_WHAT THE EXERCISE ASKS_
Your task is to retype, exactly, the line containing "Die Wohnung befindet" and every later line through the end of the listing, with pictures omitted.

————

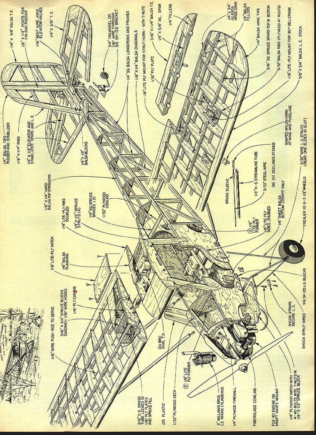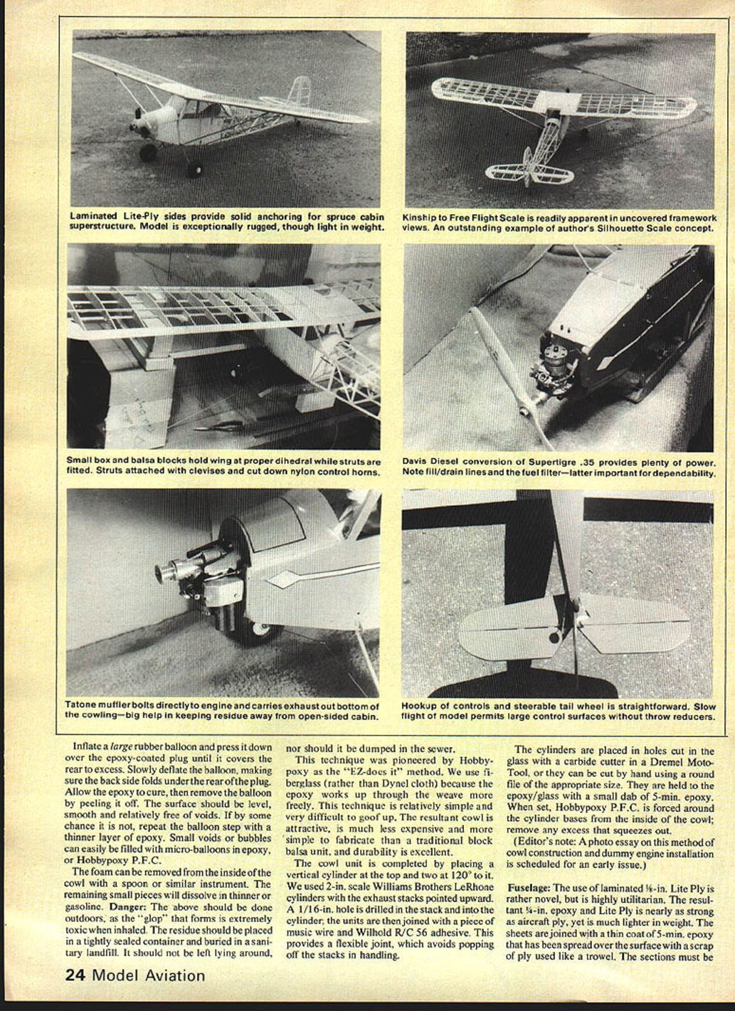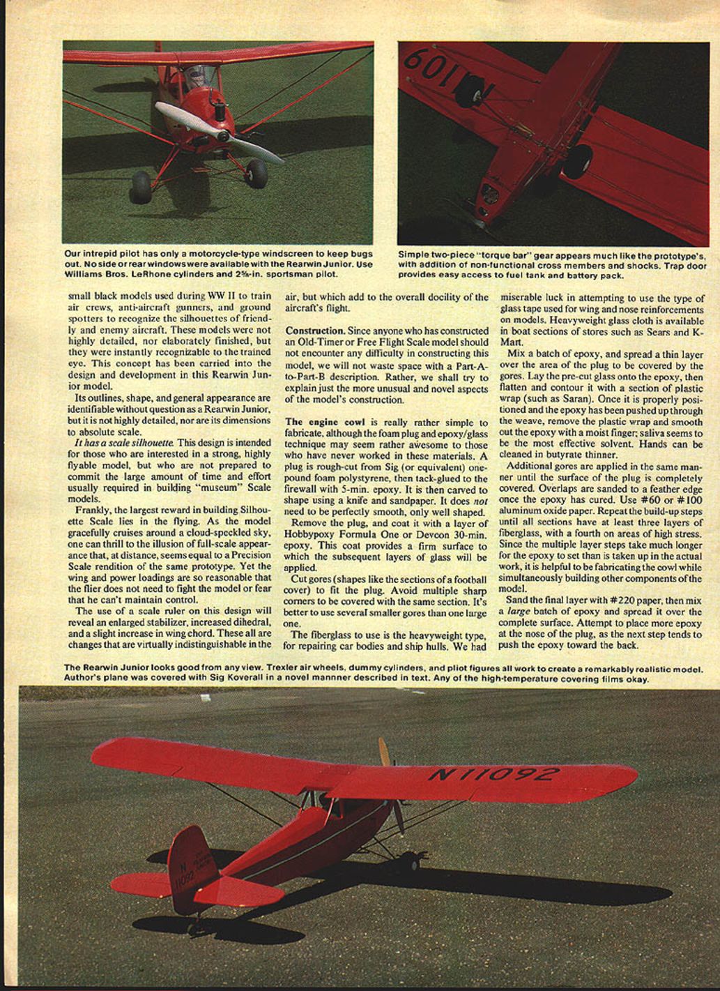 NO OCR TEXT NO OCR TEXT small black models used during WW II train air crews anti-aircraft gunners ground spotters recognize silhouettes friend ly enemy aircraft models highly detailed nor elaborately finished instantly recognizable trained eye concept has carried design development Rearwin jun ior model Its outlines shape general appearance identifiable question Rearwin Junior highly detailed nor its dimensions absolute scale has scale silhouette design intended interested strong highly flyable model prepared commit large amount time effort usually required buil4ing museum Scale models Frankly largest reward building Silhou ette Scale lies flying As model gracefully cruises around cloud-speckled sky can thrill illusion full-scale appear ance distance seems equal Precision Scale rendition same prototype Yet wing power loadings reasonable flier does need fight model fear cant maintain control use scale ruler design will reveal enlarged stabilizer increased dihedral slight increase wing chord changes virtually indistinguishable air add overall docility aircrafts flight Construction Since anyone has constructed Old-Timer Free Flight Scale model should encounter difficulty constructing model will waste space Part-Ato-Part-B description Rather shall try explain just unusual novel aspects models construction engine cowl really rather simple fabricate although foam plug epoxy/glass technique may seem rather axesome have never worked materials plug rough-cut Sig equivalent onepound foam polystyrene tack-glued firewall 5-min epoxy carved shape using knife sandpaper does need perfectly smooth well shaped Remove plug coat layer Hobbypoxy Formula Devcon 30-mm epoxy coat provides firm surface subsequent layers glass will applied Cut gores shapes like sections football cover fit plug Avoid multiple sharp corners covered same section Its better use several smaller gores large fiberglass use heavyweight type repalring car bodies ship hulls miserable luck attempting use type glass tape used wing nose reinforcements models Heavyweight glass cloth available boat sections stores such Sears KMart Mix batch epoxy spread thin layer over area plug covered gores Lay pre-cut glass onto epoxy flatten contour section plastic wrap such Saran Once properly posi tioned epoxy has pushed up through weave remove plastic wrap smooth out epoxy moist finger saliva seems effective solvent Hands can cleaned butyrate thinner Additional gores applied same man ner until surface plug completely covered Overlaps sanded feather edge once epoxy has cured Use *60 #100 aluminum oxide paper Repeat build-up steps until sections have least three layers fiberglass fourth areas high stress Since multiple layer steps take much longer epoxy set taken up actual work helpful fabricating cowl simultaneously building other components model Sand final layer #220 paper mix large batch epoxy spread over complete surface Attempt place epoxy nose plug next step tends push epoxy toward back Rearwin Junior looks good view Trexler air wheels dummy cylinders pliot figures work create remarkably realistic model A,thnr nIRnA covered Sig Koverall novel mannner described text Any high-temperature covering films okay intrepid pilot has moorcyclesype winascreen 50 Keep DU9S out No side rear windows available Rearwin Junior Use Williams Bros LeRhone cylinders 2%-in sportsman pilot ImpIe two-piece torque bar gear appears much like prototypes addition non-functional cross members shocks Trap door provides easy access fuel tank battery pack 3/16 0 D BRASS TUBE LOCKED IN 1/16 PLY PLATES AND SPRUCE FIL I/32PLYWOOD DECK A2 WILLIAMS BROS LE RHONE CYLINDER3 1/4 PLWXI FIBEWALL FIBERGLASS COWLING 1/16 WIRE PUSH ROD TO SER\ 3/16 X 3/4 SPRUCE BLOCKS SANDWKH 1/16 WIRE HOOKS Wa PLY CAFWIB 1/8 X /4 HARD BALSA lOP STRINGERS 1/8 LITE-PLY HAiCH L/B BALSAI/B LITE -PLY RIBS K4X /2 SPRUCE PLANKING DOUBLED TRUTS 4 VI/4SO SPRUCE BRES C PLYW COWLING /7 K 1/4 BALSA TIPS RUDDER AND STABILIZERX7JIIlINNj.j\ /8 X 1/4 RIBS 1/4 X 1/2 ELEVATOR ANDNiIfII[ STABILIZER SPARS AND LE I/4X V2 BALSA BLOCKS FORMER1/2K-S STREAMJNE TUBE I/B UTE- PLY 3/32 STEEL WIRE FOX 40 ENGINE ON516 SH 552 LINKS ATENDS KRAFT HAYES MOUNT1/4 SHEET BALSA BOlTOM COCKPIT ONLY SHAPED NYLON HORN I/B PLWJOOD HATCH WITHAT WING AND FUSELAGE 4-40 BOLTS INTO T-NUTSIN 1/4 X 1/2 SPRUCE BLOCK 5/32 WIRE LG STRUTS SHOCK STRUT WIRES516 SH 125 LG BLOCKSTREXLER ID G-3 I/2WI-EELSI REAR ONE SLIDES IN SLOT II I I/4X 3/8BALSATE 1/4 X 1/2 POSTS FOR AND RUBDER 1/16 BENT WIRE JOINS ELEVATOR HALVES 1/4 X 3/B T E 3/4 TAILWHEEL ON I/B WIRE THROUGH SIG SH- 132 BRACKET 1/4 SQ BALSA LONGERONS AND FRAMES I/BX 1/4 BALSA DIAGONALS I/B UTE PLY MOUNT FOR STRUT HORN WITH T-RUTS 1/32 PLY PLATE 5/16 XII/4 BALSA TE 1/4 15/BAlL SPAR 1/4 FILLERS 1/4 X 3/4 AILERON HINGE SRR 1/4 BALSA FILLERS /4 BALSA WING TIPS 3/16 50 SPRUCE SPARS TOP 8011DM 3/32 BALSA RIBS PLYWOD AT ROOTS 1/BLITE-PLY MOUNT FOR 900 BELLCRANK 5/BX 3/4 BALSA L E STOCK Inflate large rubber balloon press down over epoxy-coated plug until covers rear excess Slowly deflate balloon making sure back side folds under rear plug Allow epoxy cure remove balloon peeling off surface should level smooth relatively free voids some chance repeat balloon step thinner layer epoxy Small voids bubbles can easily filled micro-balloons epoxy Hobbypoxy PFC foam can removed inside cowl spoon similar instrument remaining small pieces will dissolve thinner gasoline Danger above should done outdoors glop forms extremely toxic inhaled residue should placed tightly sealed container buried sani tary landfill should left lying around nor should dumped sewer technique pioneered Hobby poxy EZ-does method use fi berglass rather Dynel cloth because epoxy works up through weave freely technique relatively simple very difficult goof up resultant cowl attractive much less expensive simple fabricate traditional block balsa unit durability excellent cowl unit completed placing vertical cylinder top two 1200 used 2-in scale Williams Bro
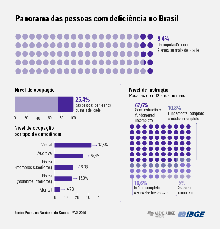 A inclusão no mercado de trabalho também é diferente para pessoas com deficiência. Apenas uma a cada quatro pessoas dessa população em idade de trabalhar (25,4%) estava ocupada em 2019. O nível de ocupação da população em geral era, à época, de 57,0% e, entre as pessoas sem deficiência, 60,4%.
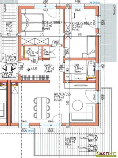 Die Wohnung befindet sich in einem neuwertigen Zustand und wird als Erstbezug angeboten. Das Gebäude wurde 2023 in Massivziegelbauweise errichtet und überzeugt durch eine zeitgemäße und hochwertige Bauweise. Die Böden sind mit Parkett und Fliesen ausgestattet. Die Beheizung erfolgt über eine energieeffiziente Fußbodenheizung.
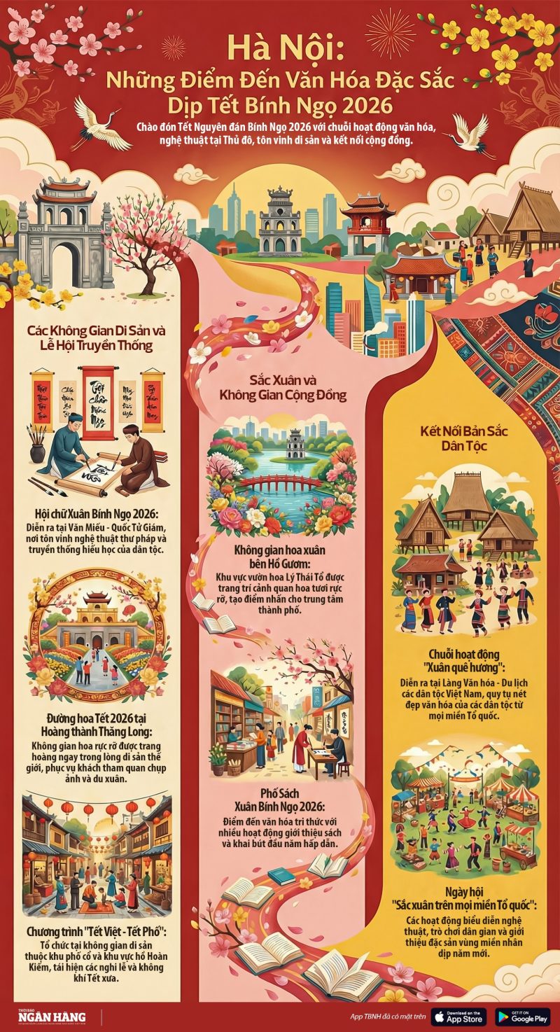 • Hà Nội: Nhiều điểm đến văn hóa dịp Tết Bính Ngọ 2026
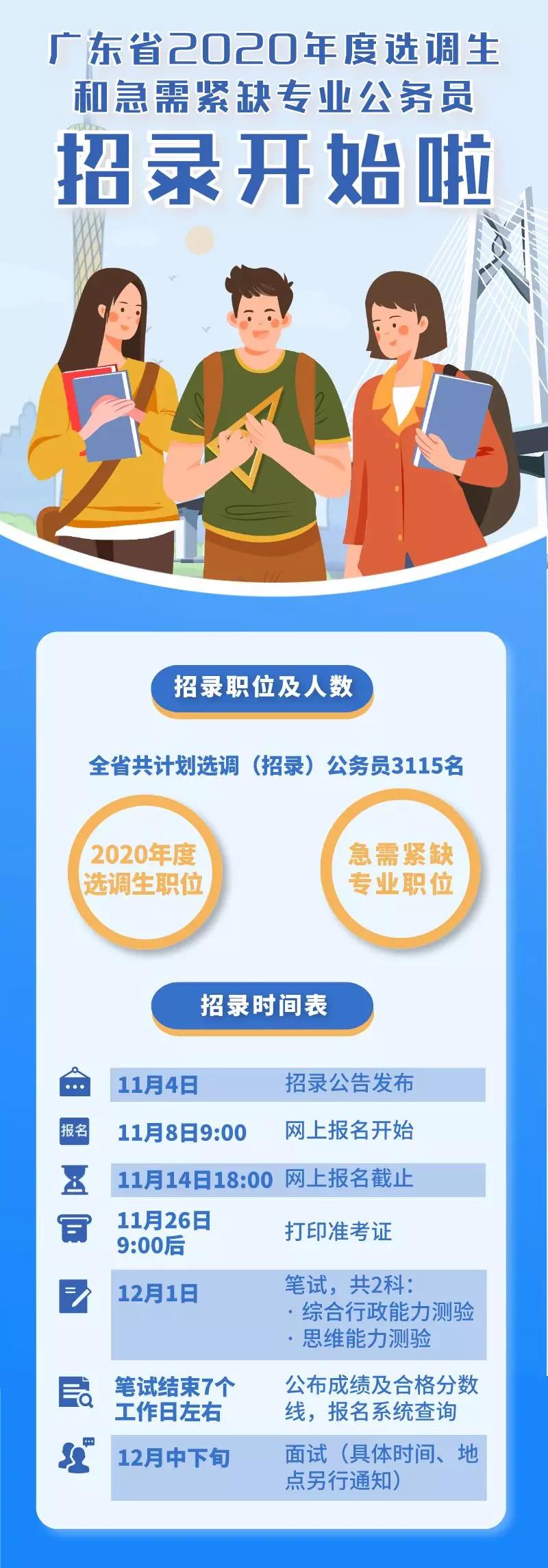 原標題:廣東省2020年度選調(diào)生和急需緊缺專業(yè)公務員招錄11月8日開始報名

————

_EXPECTED ANSWER_
 Die Wohnung befindet sich in einem neuwertigen Zustand und wird als Erstbezug angeboten. Das Gebäude wurde 2023 in Massivziegelbauweise errichtet und überzeugt durch eine zeitgemäße und hochwertige Bauweise. Die Böden sind mit Parkett und Fliesen ausgestattet. Die Beheizung erfolgt über eine energieeffiziente Fußbodenheizung.
 • Hà Nội: Nhiều điểm đến văn hóa dịp Tết Bính Ngọ 2026
 原標題:廣東省2020年度選調(diào)生和急需緊缺專業(yè)公務員招錄11月8日開始報名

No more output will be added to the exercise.